DATASET SECTION:

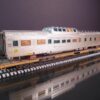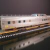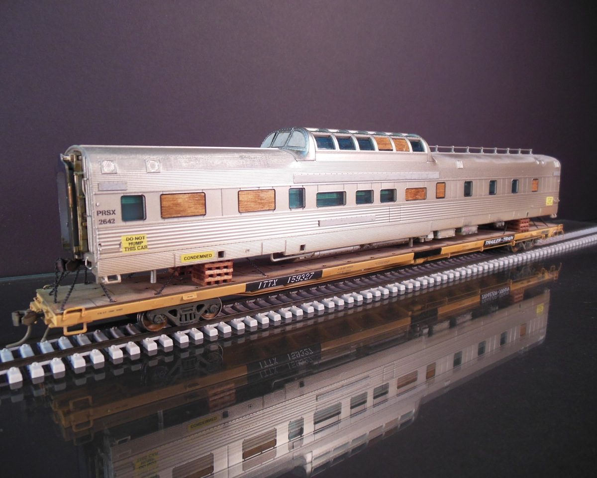 This model features a BLI Vista dome car that has been loaded for transport to a new owner. Broken windows have been covered with plywood. 20 tie downs chains and scale dunnage secure the car to a steel deck. Both models are lightly weathered.
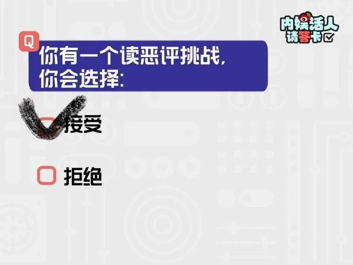 新浪娱乐:先说一下你接受读负评挑战的心理活动是什么?
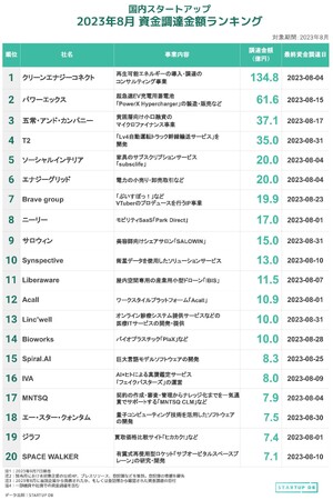 成長産業支援事業を推進するフォースタートアップス株式会社(本社:東京都港区、代表取締役社長:志水雄一郎 以下、フォースタートアップス)は、継続的に国内スタートアップ動向に関する調査を行い、当社サービスである「STARTUP DB(スタートアップデータベース)」に調査結果を公開しています。今回は、2023年8月に発表された「国内スタートアップ資金調達金額ランキング(2023年8月)」を発表いたします。
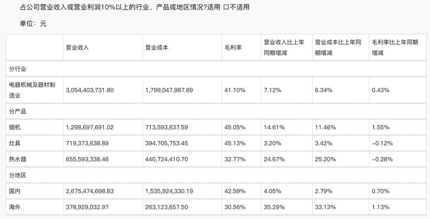 由于经营链条更长,目前厨电企业的海外渠道利润空间显著低于国内市场。财报显示,2024年上半年,华帝海外渠道的毛利率仅为30.56%,比国内市场低12.03个百分点。如果华帝继续深入涉足海外市场,那么公司的毛利率或将断崖式下跌。这或许是厨电企业不敢“All In”海外渠道的首要原因。

WHAT YOU ARE ASKED TO DO: Copy the listing verbatim, omitting images.

RESULT FOR THIS TASK:
 This model features a BLI Vista dome car that has been loaded for transport to a new owner. Broken windows have been covered with plywood. 20 tie downs chains and scale dunnage secure the car to a steel deck. Both models are lightly weathered.
 新浪娱乐:先说一下你接受读负评挑战的心理活动是什么?
 成長産業支援事業を推進するフォースタートアップス株式会社(本社:東京都港区、代表取締役社長:志水雄一郎 以下、フォースタートアップス)は、継続的に国内スタートアップ動向に関する調査を行い、当社サービスである「STARTUP DB(スタートアップデータベース)」に調査結果を公開しています。今回は、2023年8月に発表された「国内スタートアップ資金調達金額ランキング(2023年8月)」を発表いたします。
 由于经营链条更长,目前厨电企业的海外渠道利润空间显著低于国内市场。财报显示,2024年上半年,华帝海外渠道的毛利率仅为30.56%,比国内市场低12.03个百分点。如果华帝继续深入涉足海外市场,那么公司的毛利率或将断崖式下跌。这或许是厨电企业不敢“All In”海外渠道的首要原因。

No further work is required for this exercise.